Required action
Set down, word for word, every line of the material below from the one containing "Let's check our" through the one containing "iPhone 17 Pro", but none of its pictures.

Material supplied
□ □ □ □ □

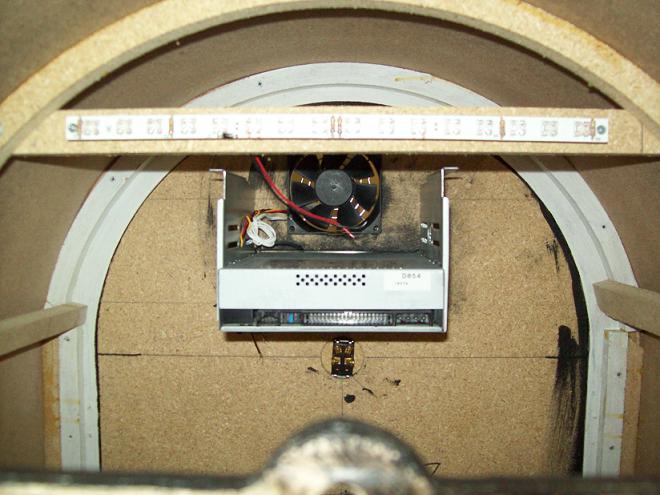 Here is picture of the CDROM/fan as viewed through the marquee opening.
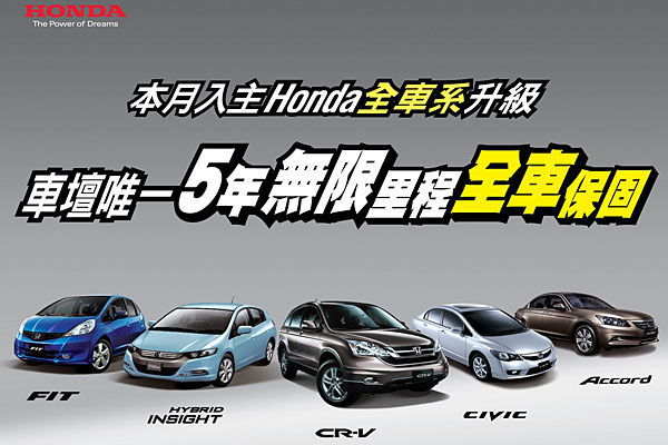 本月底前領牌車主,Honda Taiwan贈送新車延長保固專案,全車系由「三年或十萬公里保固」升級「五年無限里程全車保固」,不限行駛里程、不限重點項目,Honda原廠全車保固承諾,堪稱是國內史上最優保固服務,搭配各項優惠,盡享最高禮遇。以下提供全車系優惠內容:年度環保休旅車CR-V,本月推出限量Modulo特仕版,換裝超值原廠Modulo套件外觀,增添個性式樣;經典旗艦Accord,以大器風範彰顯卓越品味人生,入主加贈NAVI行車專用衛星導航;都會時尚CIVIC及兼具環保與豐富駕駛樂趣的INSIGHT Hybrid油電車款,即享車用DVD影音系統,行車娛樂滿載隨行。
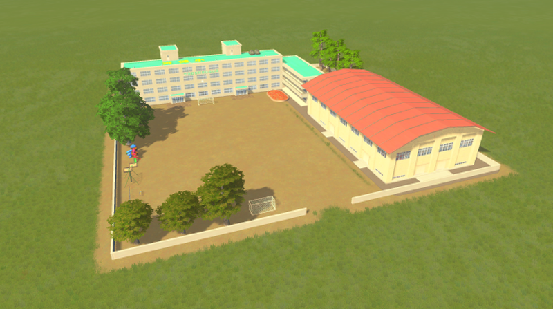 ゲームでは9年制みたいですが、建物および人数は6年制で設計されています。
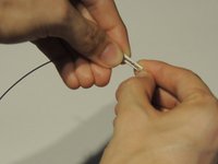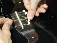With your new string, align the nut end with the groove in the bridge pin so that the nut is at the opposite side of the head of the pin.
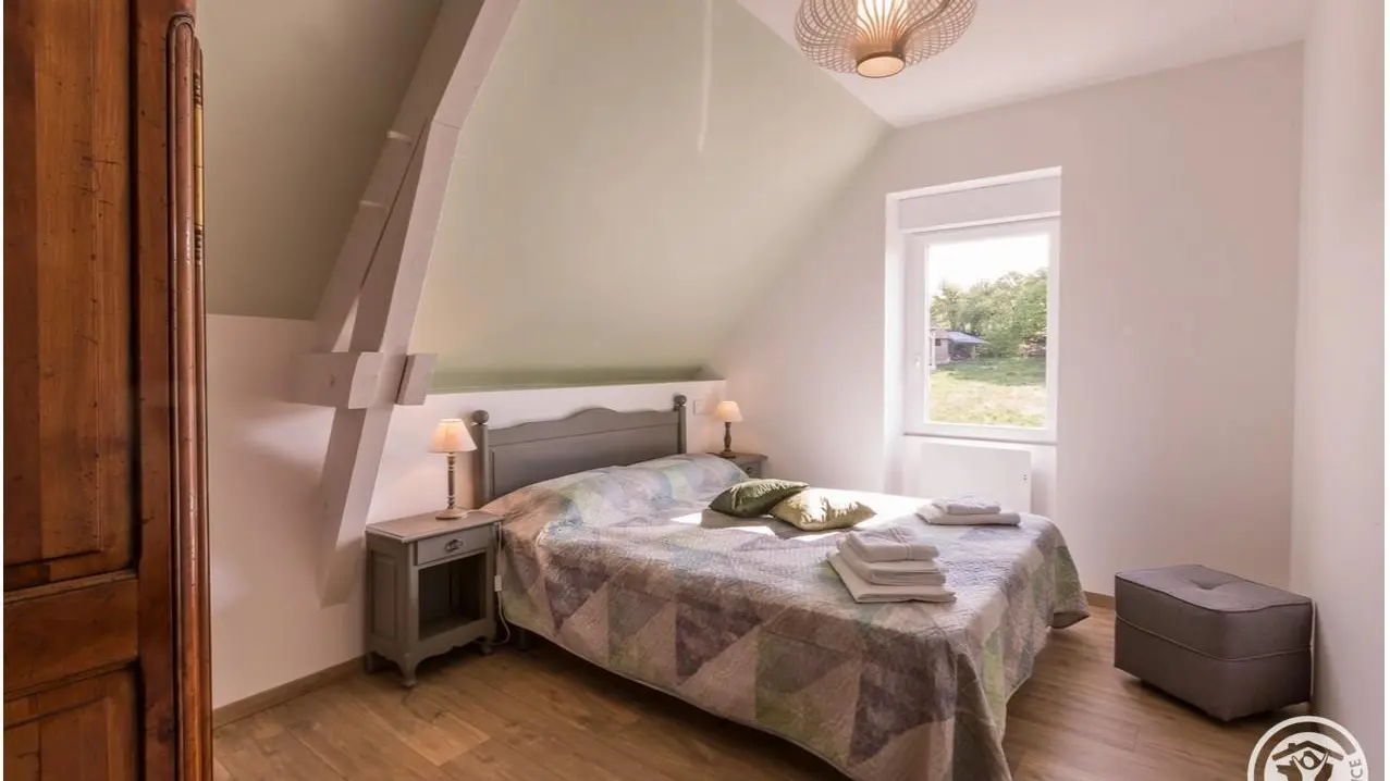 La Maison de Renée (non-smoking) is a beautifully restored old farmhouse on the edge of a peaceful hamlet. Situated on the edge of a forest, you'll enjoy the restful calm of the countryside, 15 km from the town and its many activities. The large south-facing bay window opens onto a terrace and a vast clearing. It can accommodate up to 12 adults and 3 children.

□ □ □ □ □

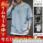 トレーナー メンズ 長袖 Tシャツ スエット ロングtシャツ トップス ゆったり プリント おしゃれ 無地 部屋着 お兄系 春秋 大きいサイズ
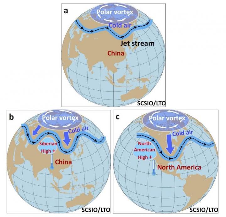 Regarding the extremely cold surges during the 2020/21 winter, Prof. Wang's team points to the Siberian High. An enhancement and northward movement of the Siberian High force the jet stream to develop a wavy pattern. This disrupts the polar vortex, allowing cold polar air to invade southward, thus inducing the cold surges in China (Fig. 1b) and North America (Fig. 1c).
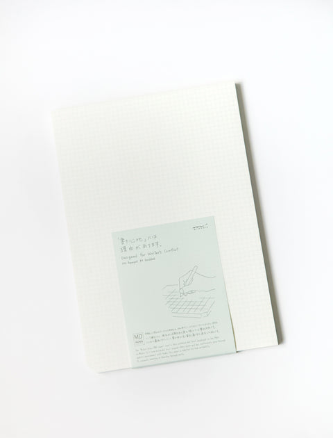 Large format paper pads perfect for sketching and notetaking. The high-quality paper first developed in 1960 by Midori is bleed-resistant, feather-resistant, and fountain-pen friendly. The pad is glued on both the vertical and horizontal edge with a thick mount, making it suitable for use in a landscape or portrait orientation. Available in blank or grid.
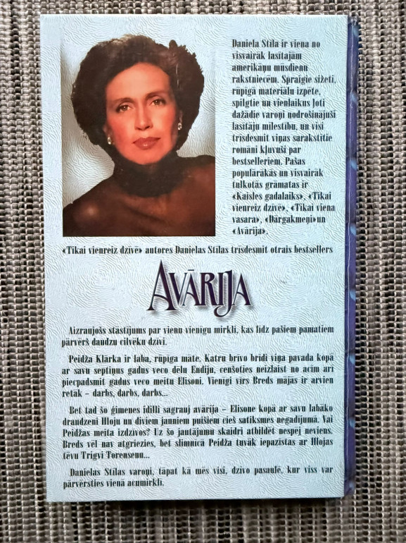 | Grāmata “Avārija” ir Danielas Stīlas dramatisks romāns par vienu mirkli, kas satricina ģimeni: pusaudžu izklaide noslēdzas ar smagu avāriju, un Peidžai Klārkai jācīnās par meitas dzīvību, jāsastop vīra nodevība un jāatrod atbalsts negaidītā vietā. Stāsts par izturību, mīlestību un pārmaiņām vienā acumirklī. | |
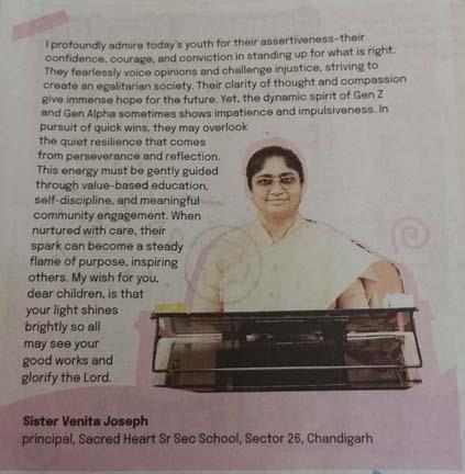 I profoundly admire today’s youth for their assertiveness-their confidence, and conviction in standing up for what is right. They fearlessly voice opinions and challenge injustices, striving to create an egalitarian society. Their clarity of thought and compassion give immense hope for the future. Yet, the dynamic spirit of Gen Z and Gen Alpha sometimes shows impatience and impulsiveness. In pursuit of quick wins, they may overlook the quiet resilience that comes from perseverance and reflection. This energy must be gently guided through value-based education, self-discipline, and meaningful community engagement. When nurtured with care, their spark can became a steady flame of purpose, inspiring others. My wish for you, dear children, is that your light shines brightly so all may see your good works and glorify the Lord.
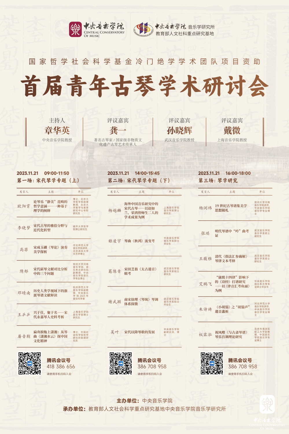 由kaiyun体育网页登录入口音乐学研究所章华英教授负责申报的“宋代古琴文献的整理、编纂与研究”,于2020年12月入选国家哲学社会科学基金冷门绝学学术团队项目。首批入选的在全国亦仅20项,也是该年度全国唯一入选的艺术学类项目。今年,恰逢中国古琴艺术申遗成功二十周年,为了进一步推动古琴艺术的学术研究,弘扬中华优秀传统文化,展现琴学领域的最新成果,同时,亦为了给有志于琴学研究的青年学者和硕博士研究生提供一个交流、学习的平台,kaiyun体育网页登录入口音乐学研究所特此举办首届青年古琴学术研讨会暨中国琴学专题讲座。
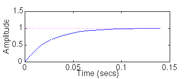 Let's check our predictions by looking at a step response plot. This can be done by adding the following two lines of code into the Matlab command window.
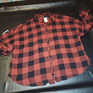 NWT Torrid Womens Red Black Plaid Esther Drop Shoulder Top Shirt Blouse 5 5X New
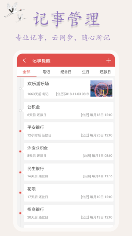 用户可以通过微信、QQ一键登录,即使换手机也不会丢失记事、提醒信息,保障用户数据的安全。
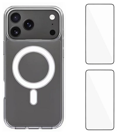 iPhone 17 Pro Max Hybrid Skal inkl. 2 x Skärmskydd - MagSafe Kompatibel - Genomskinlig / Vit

□ □ □ □ □

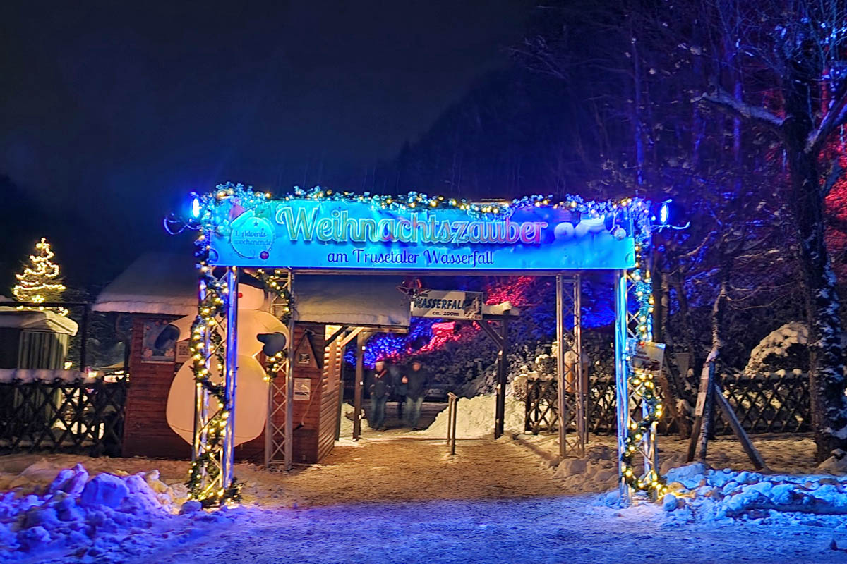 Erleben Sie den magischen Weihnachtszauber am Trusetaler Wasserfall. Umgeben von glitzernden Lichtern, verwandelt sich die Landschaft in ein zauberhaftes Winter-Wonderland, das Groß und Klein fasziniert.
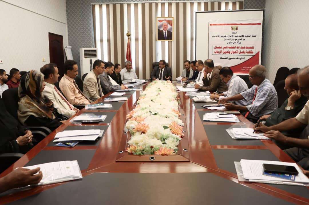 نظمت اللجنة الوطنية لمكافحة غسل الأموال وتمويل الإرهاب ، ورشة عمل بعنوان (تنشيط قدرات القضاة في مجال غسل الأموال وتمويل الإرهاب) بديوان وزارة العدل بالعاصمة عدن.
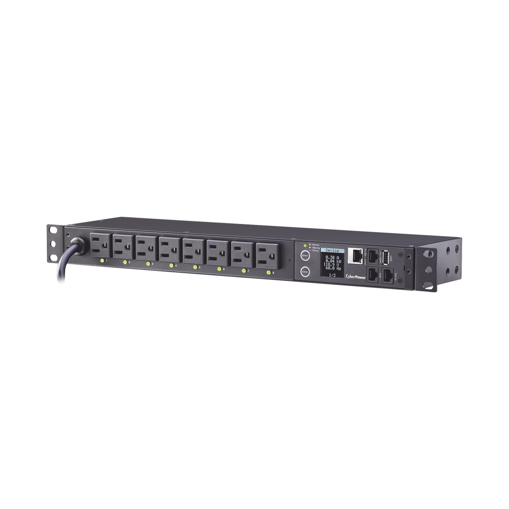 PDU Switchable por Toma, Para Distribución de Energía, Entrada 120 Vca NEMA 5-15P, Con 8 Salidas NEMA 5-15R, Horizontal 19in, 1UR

□ □ □ □ □

Task answer
 Let's check our predictions by looking at a step response plot. This can be done by adding the following two lines of code into the Matlab command window.
 NWT Torrid Womens Red Black Plaid Esther Drop Shoulder Top Shirt Blouse 5 5X New
 用户可以通过微信、QQ一键登录,即使换手机也不会丢失记事、提醒信息,保障用户数据的安全。
 iPhone 17 Pro Max Hybrid Skal inkl. 2 x Skärmskydd - MagSafe Kompatibel - Genomskinlig / Vit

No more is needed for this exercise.